最终可以正常测试转化过来的caffemodel,经过demo测试,结果也还正常,但是我们在专用的数据集中测试具体的指标时,发现对traffic sign的recall相对于darknet下差了很多,经过show图片发现caffemodel会把蓝色的traffic sign检出而忽略红色的,增加了训练数据之后情况稍微好转,但仍然严重。

为此,我debug了Chen提供的convert python代码,其中weights值转化的部分如下(整个code最主要的部分):

def darknet2caffe(cfgfile, weightfile, protofile, caffemodel):
    net_info = cfg2prototxt(cfgfile)
    save_prototxt(net_info , protofile, region=False)

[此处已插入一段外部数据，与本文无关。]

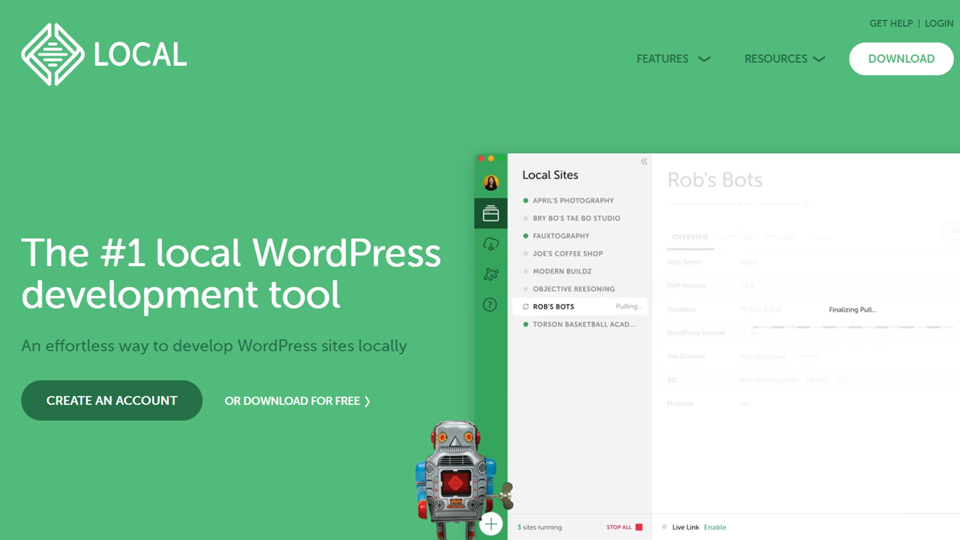 XAMPP」・「MAMP」・「LOCAL」が有名ですが、Windows・MacOCの両方に対応&自分でデータベース接続設定不要という点でオススメなのは、「LOCAL」です。
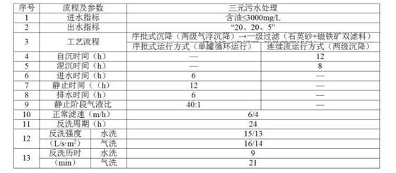 三采污水站分為普通聚驅(qū)污水站、高濃度聚驅(qū)污水站、三元污水站等,普通聚驅(qū)污水處理工藝流程與普通污水處理工藝流程相同,只是在過濾介質(zhì)、技術(shù)界限及工藝參數(shù)上做出調(diào)整。過濾介質(zhì)選擇適合含聚污水處理使用的石英砂、磁鐵礦等。當(dāng)含聚污水中聚合物濃度高于450mg/L時(shí),采用高濃度聚驅(qū)污水處理工藝,主要區(qū)別在于增加了沉降時(shí)間,過濾罐由石英砂改為石英砂磁鐵礦雙濾料過濾工藝。當(dāng)處理含表活劑、聚合物、堿的三元污水時(shí)采用“連續(xù)流氣浮、序批曝氣沉降、石英砂磁鐵礦、海綠石磁鐵礦過濾”處理工藝三元污水處理工藝。
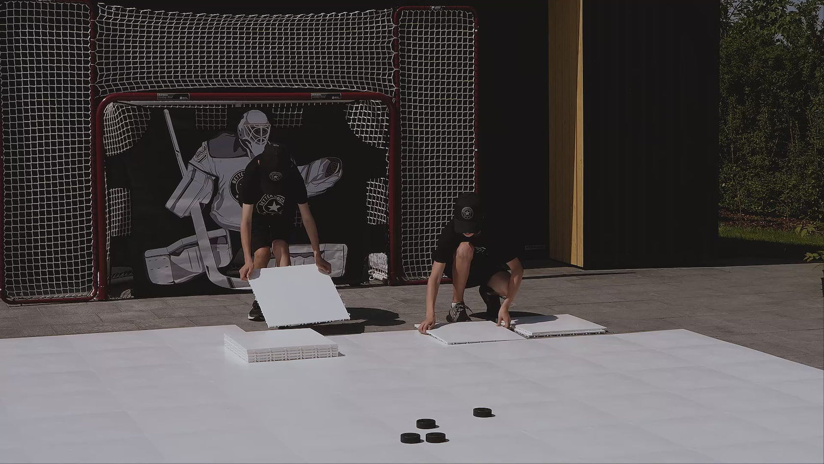 Experience the feel of real ice all year long! Create your very own training rink in the comfort of your home or yard with our premium quality synthetic tiles that give you the slick feel of real ice no matter what the weather is like outside. Our tiles provide a smooth, slick surface to work on your shooting, passing and stickhandling shots skills. These amazing dryland tiles are larger than most other tiles on the market, so you get a more seamless rink area with our tiles. Great for both amateurs and professionals alike, our flooring tiles are used by over 100 NHL players and have incredible glide with regular pucks. Please note these tiles are not designed for skating. Ultra durable, weatherproof design Our tiles are treated with a weather-proof coating that allow for year-round use anywhere indoors or outdoors. Please note that these are intended for off-ice training only and should not be used for skating. Our floor panels are easy to assemble, and you can create a world-class training rink in just minutes. Great for hockey players of all ages Our super slick hockey tiles are great for both kids and adults to use. They help create the perfect environment to work on shooting, stickhandling and passing skills in your own backyard, driveway or basement.
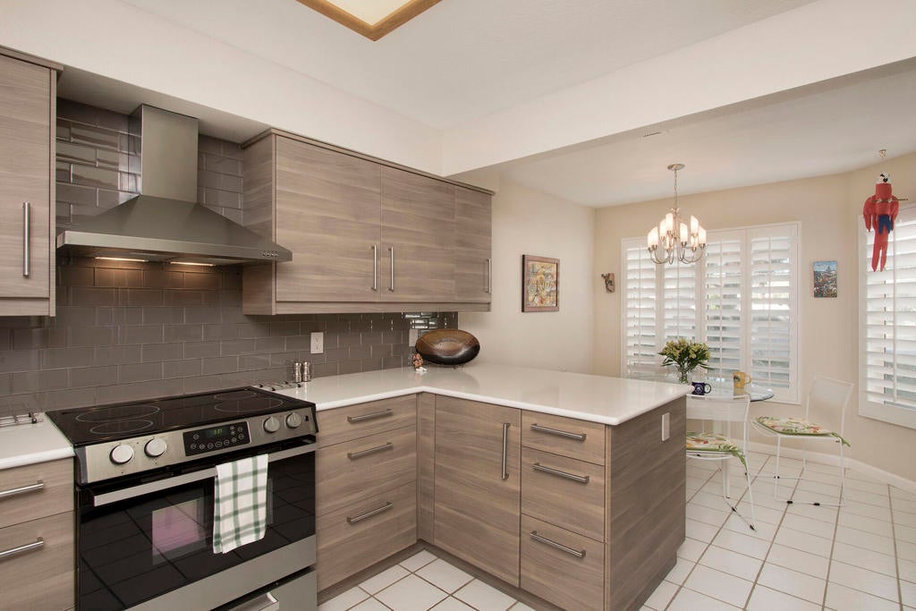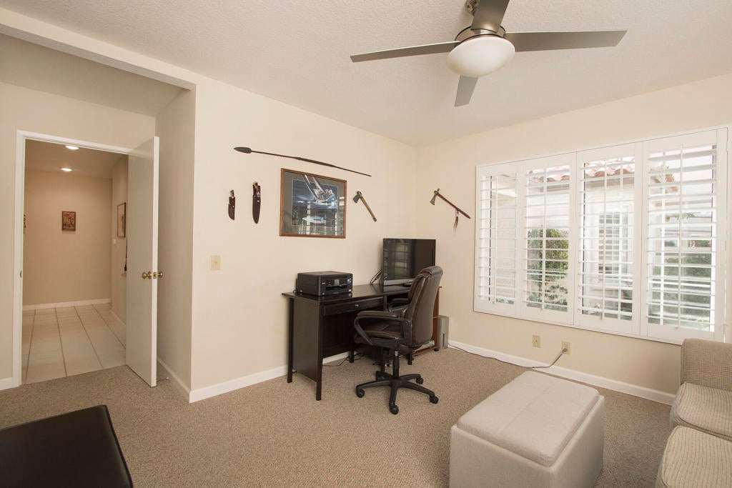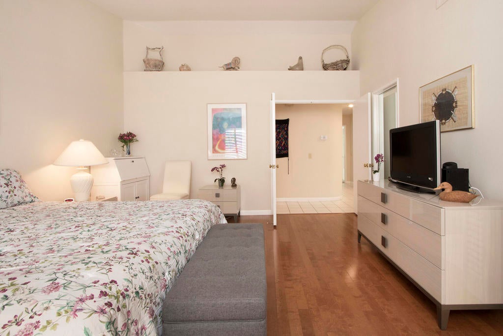Sought after South-facing, single level, end unit! 2 Large bedrooms (formal dining could easily be converted back into a bedroom or den), 2 baths + powder room in 1,814 SF. Home has lovely, European-style contemporary kitchen, hardwood and tile floors, shutters, walk-in closets, high vaulted ceilings, entry courtyard, two car garage and more ... located on a large greenbelt with views of a sparkling pool! This one won't last!
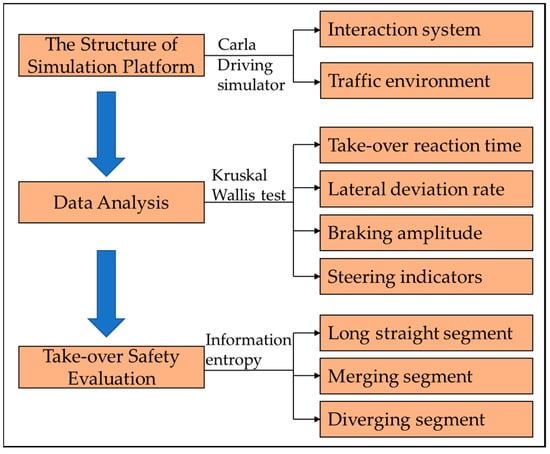 In summary, previous studies have examined some influencing factors that determine take-over performance. Nevertheless, driving performance for drivers with different urgency under a typical segment of highway during conditional automated driving has not been well investigated. The purpose of this study was to analyze the impact of time budget and traffic density on the drivers’ take-over safety. This study created different urgency by varying the traffic density (high density and low density) and time budget (5 s and 7 s) in each scenario. A long straight segment, a merging segment and a diverging segment were selected as three typical segments on the highway. Five evaluation indicators were used to evaluate take-over safety. The entropy method was used to determine the weights of different take-over behavior indicators to visualize the take-over safety in each scenario. The results of the study provide guidance for the analysis of take-over behavior and provide a theoretical basis for the optimization of human–machine interaction systems. The research framework is shown in Figure 1.

    net = caffe.Net(protofile, caffe.TEST)
    params = net.params

    blocks = parse_cfg(cfgfile)

    #Open the weights file
    fp = open(weightfile, "rb")

    #The first 4 values are header information 
    # 1. Major version number
    # 2. Minor Version Number
    # 3. Subversion number 
    # 4. IMages seen 
    header = np.fromfile(fp, dtype = np.int32, count = 5)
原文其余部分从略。